To Save the New York Subway, Send in the Crowds

For New York City subway riders, each trip is its own odyssey. Especially in the pandemic, there’s the rush to the station, the tense wait on the platform. The quest for a seat, always a delicate matter, is made more so by the need to socially distance. Straphangers must endure panhandlers and the fear of being confined underground if there’s a delay. Upon arriving at their appointed station, is it any wonder they dash for the street?

The last thing riders want to encounter is someone standing in their path, seeking their attention. So the eyes of travelers who’ve just stepped off trains widen with apprehension when they come upon Sarah Feinberg standing in the middle of a dank corridor in downtown Brooklyn’s busy Atlantic Avenue-Barclays Center station. The interim president of the Metropolitan Transportation Authority’s subway and bus division waves at them. “Hi,” she shouts. “Anybody want a mask?”

To Save the New York Subway, Send in the Crowds

Most riders on this January afternoon are already obeying the MTA’s rule to cover their face. Some race by Feinberg, pointing indignantly at their mask as if to say, “Can’t you see I’m already wearing one?” A good number, however, cluster around the subway chief, seeking as many extras as they can get on the MTA’s monthly mask distribution day.

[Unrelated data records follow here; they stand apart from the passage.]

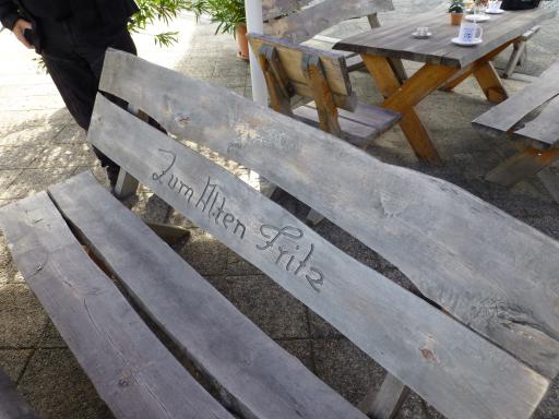 Das Essen für uns fünfzehn war recht schnell serviert worden und so konnten wir bald die Coparate-Identity-Sitzbänke wieder räumen |
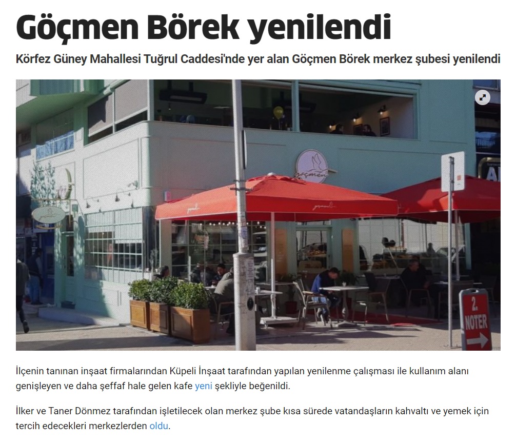 Körfez Güney Mahallesi Tuğrul Caddesi'nde yer alan Göçmen Börek merkez şubesi yenilendi (Ses Kocaeli, 07.12.2021)
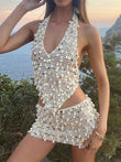 Crochet Shell - Embellished Halter Two - Piece Set
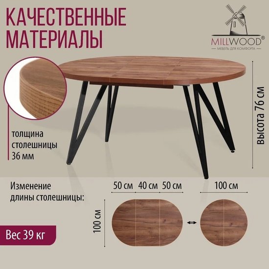 Женева 3 Л раздвижной D100-140x100x76 (дуб табачный Craft/металл черный)
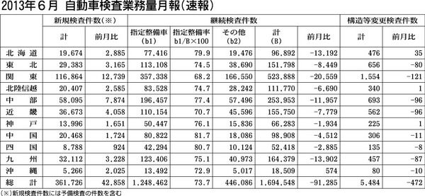 国土交通省は、6月の自動車検査業務量(速報)をまとめた。それによると新規検査件数は前年同月比5万4262件減の36万1726件。継続検査件数は同7万9152件減の169万4548件だった。構造等変更検査件数は同1546件減の5484件。指...
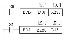 1)源操作数可取所有数据类型,目标操作数可为KnY、KnM、KnS、T、C、D、V、Z.,若源数据为常数K,则该数据会自动转换为二进制数。
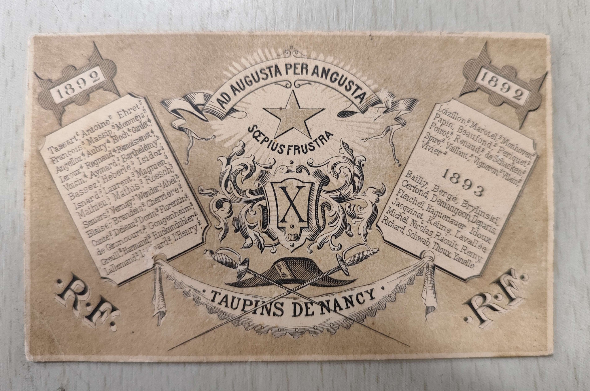 Au centre se trouve un X entouré de flammes héraldiques. Au dessus-du X est écrit "AD AUGUSTA PER ANGUSTA", une étoile et "SOEPIUS FRUSTRA" sous le X se trouvent un bicorne, deux épées et l'inscription "TAUPINS DE NANCY". de part et d'autres sont écrits le nom de nombreuses personnes, très probablement les élèves des classes préparatoires, surmontés d'exposants.
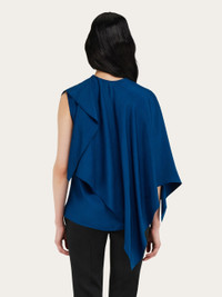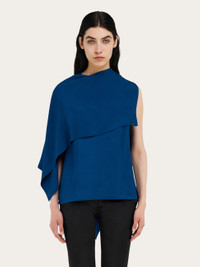 The embodiment of contemporary Ferragamo elegance, the cape detail of this pure viscose top has a fluid silhouette, the drape of which can be modified to your own personal style. Its avant garde asymmetry infuses a poetic allure to the soft, minimal design. - Composition: 100% viscose - Model measurements: Height 5' 10"/178 cm; Bust 31½ "/80 cm; Waist 23½"/60 cm; Hips 34 "/88 cm - Model wearing: 38 - Made in ITALY - Product code: 13G521 780682
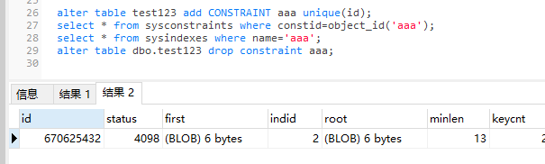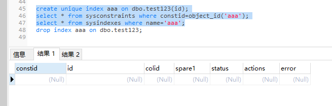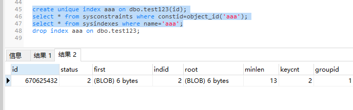 select * from sysindexes where name='aaa';
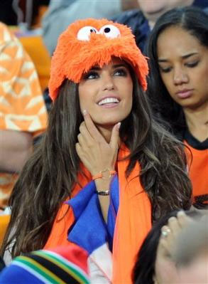 Yolanthe Cabau, esposa del volante holandés Wesley Sneijder, supo mostrarse primero con body painting en las páginas de Sports Illustrated y luego apoyó a su marido desde las gradas, para beneplácito de los demás fanáticos.
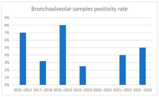 In bronchoalveolar samples, positivity rates were found to be higher in the pre-pandemic period than in the post-pandemic period (Figure 4). Meanwhile, in the analysis of absolute values, more cases were found in the periods following the pandemic. It should be considered that in this case, the psitive samples are much fewer than the swabs (about ten per year); therefore, the variations between the epidemic peaks are scarcely relevant.
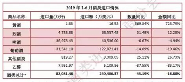 8月12日,中國食品土畜進出口商會酒類進出口商分會公布2019年1-6月酒類統計數據,數據顯示,2019年上半年,進口葡萄酒仍處低位,進口量3.1億升,降幅進一步收窄3%,進口額12.3億美元,降幅基本持平。烈酒方面呈現逆市飄紅,進口量實現超三成增長。
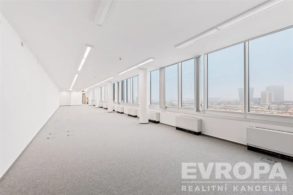 Jednotka se nachází v 8. NP a je řešena jako velký open space s kuchyňkou. Prostory lze dispozičně upravit dle potřeb budoucího nájemce.
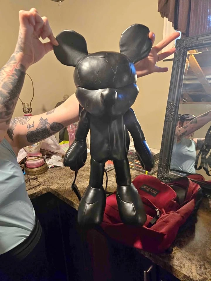 This unique black Mickey Mouse backpack is a statement piece for any Disney enthusiast! Though pre-loved, it still has plenty of character to offer. There are a couple of small scuffs on the head (see photos). Perfect for adding a touch of whimsy to your day. It's not just a backpack; it's a conversation starter.
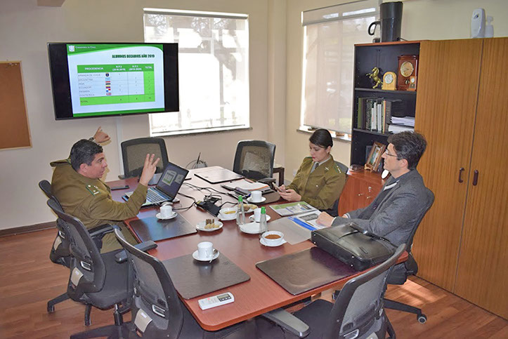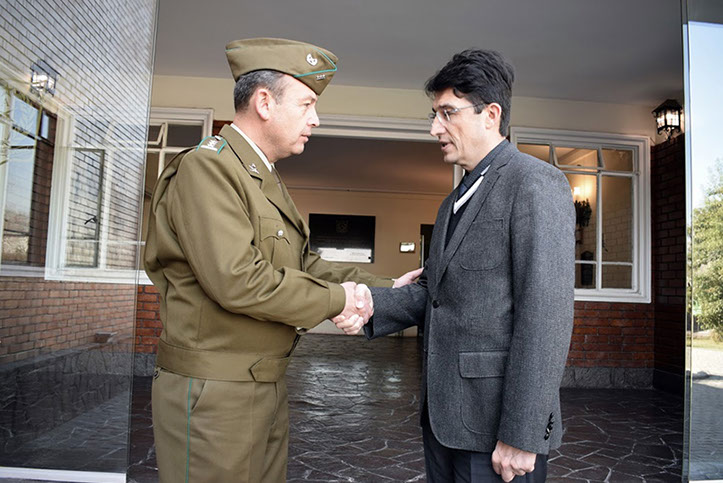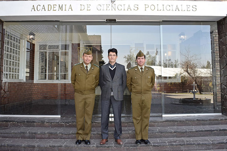 La visita de Ahmet Gunes, es el representante en Chile del Ministerio del Interior de Turquía en ámbitos de seguridad, inició con un recorrido por las dependencias y pareas verdes de la Academia de Ciencias Policiales ubicada en Las Condes, para más tarde continuar con una presentación desarrollada por el subdirector académico, Mayor Claudio Rosales Pacheco, quien le compartió información sobre el proceso académico desarrollado por la Academia, que busca perfeccionar y profundizar los conocimientos de los oficiales de Carabineros de Chile.
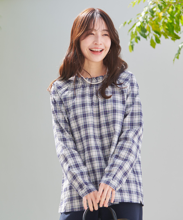 ニットやアウターのインナー着としても1枚着としても活躍する、襟のギャザーがポイントのラグランスリーブブラウス。トラッドなチェックとストライプの2柄展開です。
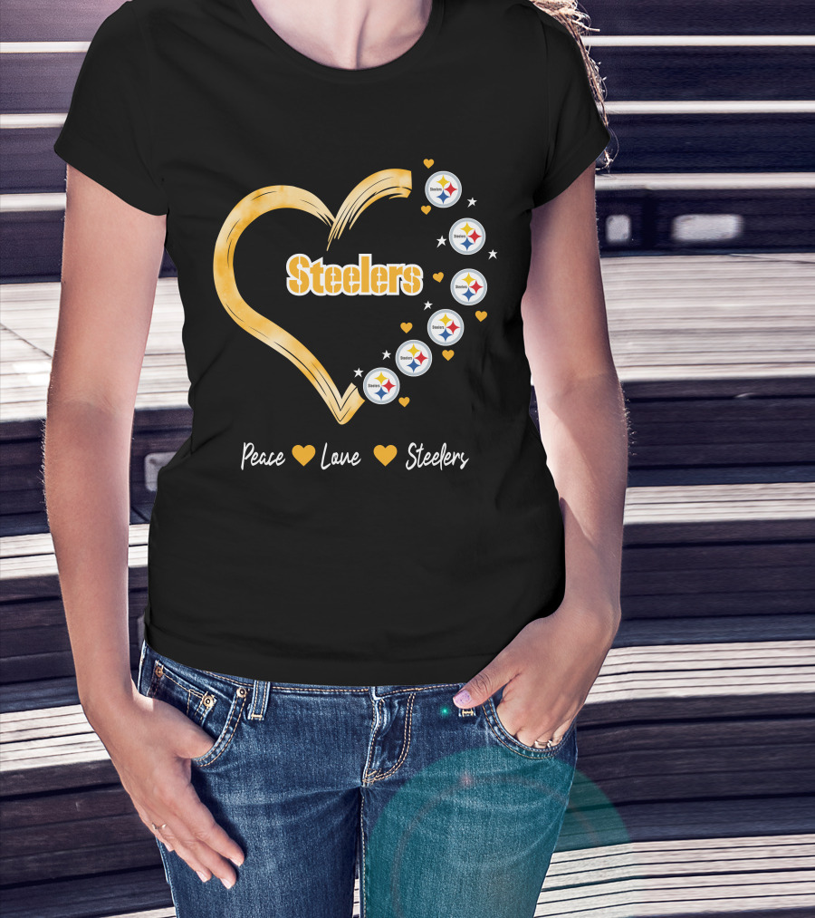 The Peace Love Steelers Heart Filled with Pittsburgh Steelers Logos and Stars T-shirt is designed for everyday wear and a consistent fit. Fabric is pre-shrunk ring-spun cotton with durable stitching. See the size chart below for exact measurements.

Only occasionally does she encounter a shirker—the gentleman who swaggers past her and rifles through a nearby trash can, the teenager who snatches a mask and sprints upstairs to the train platform without donning it. “You need to wear it!” Feinberg calls after her.

The MTA says 98% of its subway riders are masked. It’s an impressive achievement, one Feinberg often cites in her campaign to convince people that the largest public transit system in North America is safe. She says it’s rarely been cleaner, thanks to the MTA’s decision last April to close the 24-hour-a-day system, initially for four hours nightly and then just two, so it can disinfect its 6,455 cars. She boasts that the subway’s ventilation system replenishes the air on trains more than the six times an hour that the U.S. Centers for Disease Control and Prevention calls for in many health-care facilities. “We’re three times better than that,” she says.

It’s still not enough for many longtime passengers. Subway ridership in March was 30% of its pre-pandemic level, when the MTA transported 5.5 million straphangers daily. The most recent agency survey showed that 71% of its lapsed customers were very concerned about being able to socially distance on trains.

Ridership losses during the pandemic have had catastrophic effects for public-transit agencies around the country, and none has lost more people in total than the MTA. In addition to the subways and buses, the agency operates two commuter railroads. Customer fares cover 38% of its annual $17 billion budget, and Covid-19 eliminated most of that revenue. The MTA threatened to slash subway service by as much as 40% last fall, but it’s been able to stave off cuts, thanks to $14.5 billion in federal stimulus it’s received in the past year—including, most recently, $6.5 billion in President Joe Biden’s $1.9 trillion American Rescue Plan Act. It also borrowed $3.4 billion from the Federal Reserve.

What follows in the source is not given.